Install & Deploy
The licensed Gostly product ships as a Docker Compose stack backed by container images you pull from a registry — there is no host binary to install. This page covers system sizing, the .envyou fill in, the ports each service exposes, the memory split between the inference engine and the proxy, and the low-memory path for machines that can't spare the RAM for AI generation.
What you're installing
The licensed product is delivered as a docker-compose.yml plus a set of pre-built images. You authenticate to the image registry with a short-lived token from your dashboard, pull the images, fill in an .env, and run docker compose up. A Pro/Team stack is five services on a shared ./data bind-mount:
ghost-proxy8080 · 8443The Rust proxy. The only service your application talks to. Runs the match cascade and the four operating modes. Plain HTTP on 8080; the TLS-MITM listener binds on 8443 when enabled.

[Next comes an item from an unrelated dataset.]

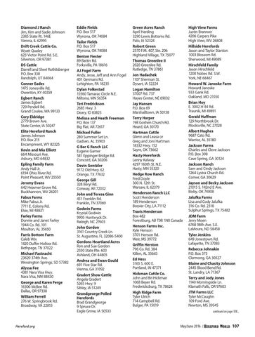 Green Acres Ranch April Harding 3290 Lewis Bottoms Rd. Palo, IA 52324 Robert Green 2570 F.M. 407, Ste. 206 Highland Village, TX 75077 Thomas Greenlee II 2020 Greenlee Rd. Rutledge, TN 37861 Jon Hadachek 1107 Sherman St. Dysart, IA 52224 Logan Hamilton 37007 Rd. 737 Hayes Center, NE 69032 Jay Hansen P.O. Box 69 Marshalltown, IA 50158 Terry Harper 198 Goshen Church Rd. Heard, GA 30170 Hartman Cattle Glenn and Leasa or Greg and Joni Hartman 18332 Hwy. 152 Sayre, OK 73662 Hasty Herefords Lenny Kalway 4297 160th St. N.E. Hasty, MN 55320 Hedge Row Ranch Fred Doyle 300 N. 12th St. Warsaw, IL 62379 Henderson Ranch LLC Scott Henderson 189 Henderson Bossier City, LA 71112 Travis Henderson Box 482 Forestburg, AB T0B 1N0 Canada Henson Farms Inc. Kyle Henson 3701 Henson Rd. Weir, MS 39772 Griffin Herston 796 Co. Rd. 384 Killen, AL 35645 Ed Hess 3165 S. 600 E. Portland, IN 47371 Hickman Cattle Co. John and Bri Hickman 1068 Beyer Rd. Fredericksburg, TX 78624 High Ridge Farm Tyler Ulrich 714 Campbell Rd. Bulger, PA 15019

ghost-web3000 · 8000Control plane API (8000) plus the operator dashboard (3000), one container. Owns services, mocks, transitions, drift, and the SSO/RBAC auth layer.

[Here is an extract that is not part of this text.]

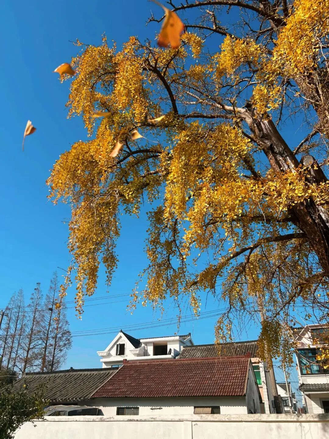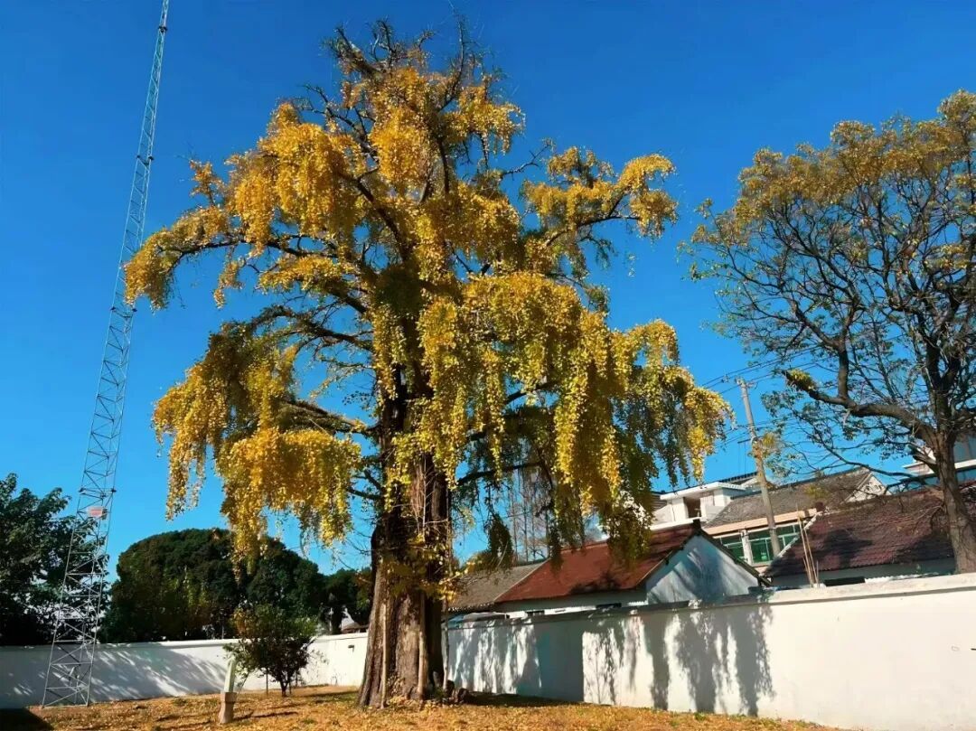 它坚毅挺拔,依旧年年抽芽吐翠,在岁岁深秋洒下灿烂夺目的黄金雨。树下铺满的落叶,将院落铺就成辉煌的金色殿堂。夕阳西下,轻轻踩着落叶,缓缓在树下漫步,如同摊开一部历史长卷。

ghost-postgresinternalPostgreSQL 16. The persistent store for the mock library, services, and audit log. Not published to the host.
ghost-inferenceinternalThe AI inference engine (Pro/Team). Runs RAG retrieval and — when generation is enabled — serves cached LoRA-adapter responses. This is the memory-hungry container.
ghost-llamacppisolatedOptional generation sidecar (compose profile llamacpp). Runs on a network with no internet egress — the model container is structurally air-gapped.
The Free tier ships ghost-proxy only — no inference, no dashboard. The proxy serves recorded mocks standalone and never needs the rest of the stack to replay.
Compose + registry images, not a CLI
The licensed product is distributed exclusively as Docker Compose plus registry images. There is no gostly command to install on your host. If you came here looking for a host CLI with brew / package-manager install, that's the open-source proxy — a separate product with its own binary and its own command line. This page is about the licensed self-hosted stack.
Prerequisites
- → Docker and Docker Compose installed (Docker Desktop, or Docker Engine + the Compose plugin on Linux)
- → A Gostly license key — get one free. The key gates which tier capabilities the stack unlocks.
- → A registry login token (issued from your dashboard, valid 12 hours) to pull the images
- → Any HTTP service you want to mock — local, staging, or third-party. Production access is not required.
System sizing
The memory footprint is dominated by one container. The proxy, dashboard, and database are light; the AI inference engine is what sets your floor. Plan for two numbers:
ghost-inference~6 GB RAMThe AI inference container. 8 GB free RAM recommended. This is the deciding number — if you don't have it, see the low-memory path below.
proxy + dashboard + db~1 GB RAMghost-proxy, ghost-web, and ghost-postgres combined. Light enough to run on any dev laptop.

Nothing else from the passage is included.